Speaking of boot camp, my legs are... KILLING ME! They weren't too bad afterwards or all day, but the day after…oh goodness! It is that good feeling hurt though. That feeling you want to feel after a good workout!
And the best news is that I've found a workout buddy to help keep me motivated! She is an almost next door neighbor and I am fastly growing to love her! Last week we went for an almost eight mile bike ride and then on Sunday we went swimming for an hour! Oh, I am going to love the fact that our town has a pool that is free for residents. Swimming just might become my new favorite workout! Plus, it burns a ton of calories and I really enjoyed it! In fact, I enjoyed it so much that I am thinking about going again tonight.
Here is me and my new friend, Sarah, after our bike ride last week! Have to admit, jealous of her bike, she kicked butt on that while I huffed and puffed on my bike!Life overall has been going good. We had a good weekend. It was mostly relaxing. Ayden got to spend some time with my mom and my dad. Sometimes I feel like he is away from the house more than he is at it lately. But that is okay because he is spending time with family that we don't see very often and for us to see them regularly now is great. He has probably also slept away from the house more days in the last month than he has in the last year. As long as he is enjoying himself I am okay with it. I can't say that I don't enjoy some extra alone time with Jay. We've never had this much alone time before and it has been really good for us. Overall I think that Jay is just happier that we are in Chilton. Not that he wasn't happy when we were in Stevens Point, but to me, he just feels more laid back about things and likes being able to see everyone so often.

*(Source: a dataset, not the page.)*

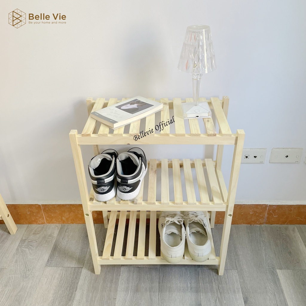 Kệ Để Giày 3 Tầng x 50cm BELLEVIE Kệ Gỗ Decor Phong Cách Hàn Quốc Hiện Đại KT 50Cm x 26Cm x 63Cm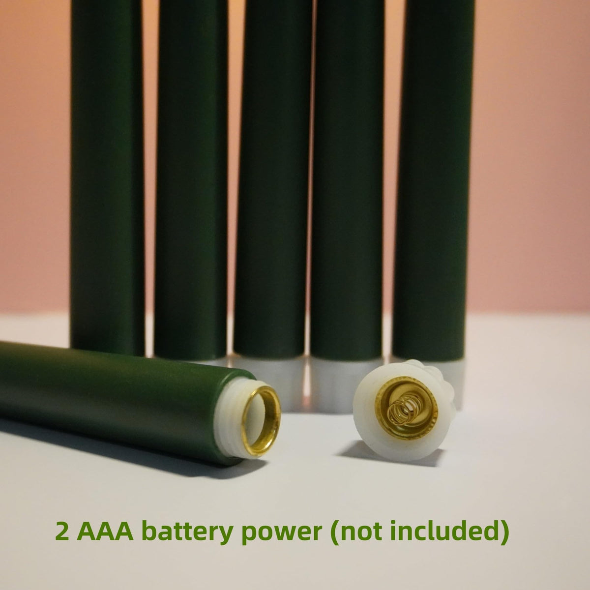 Ni-Jasw Emerald Green Flameless Taper Candles With Remote Set Of 12Specificationsize:28Cmx2.1Cm = 11 Inch X 0.82 Inchpackage Includes: 6 Pieces Battery Taper Candles, 1 Remote Controlbattery Type:Each Led Taper Candle Takes 2 Aaa Batteries(Not Included), Lasting Over 200 Hours, Remote Control Takes 1 Cr2025 Coin Cell( Included)Features10 Key Remote Controlled Candles - You Can Use Remote To Control Power, Set 2/4/6/8 Hours Timer, Set Flickering Or Static Flame Effect And Adjust Brightness, Max Remote Range 20 Ftrealistic & Safe - It Is Hard To Tell The Difference From Real Candles, Giving Off Warm White Glow, Great Alternative To Real Candles And Safe, No Fire-Risk, No Drips, Especially Great For Kids Or Pets, Great Decoration For Home, Halloween Decorative Candles, Party, Wedding And Also A Wonderful Gift.

My externship continues to go well. I cannot believe that I have been there a month already. Time flies (as I put in almost every post)! My only gripe continues to be time management. I hate running behind. Love my supervisor to death, but yesterday we spent forty minutes just shooting the breeze with a patient. Now, I have no problem chatting with the patient after we have finished up, but this put us behind for other patients and then I didn't have any time to finish my chart note. It's no wonder my supervisor was so behind before I got here... she just can't stop talking, TO ANYONE! However, as much as that can annoy me sometimes, I think it is a big part of why her patient's keep coming back and like her so much. She is an amazing audiologist and even in the month that I have been here I have learned so much, but she also gets very personal with her patients. I think that might be something I can take from her. I think I tend to get too focused on getting the patient in, fixing their problems, and then getting them out so I can get the chart note done and get ready for the next patient. I see no problem chatting with the patient, but because I am such a Type A personality that needs everything to run in perfect order, it bugs me when we sit and talk to a patient forever when there are other things I could be doing to get ready and then I won't be running behind. Alas though, this is not my practice and I will do things the way they are done here and not gripe about it. Life will go on. And despite that point, I do love it! My supervisor and the other audiologist on staff are amazeballs! The office managers are fabulous and everyone has made me feel like a part of their small tight knit family already so it is great!
CIAO! LOVE ME!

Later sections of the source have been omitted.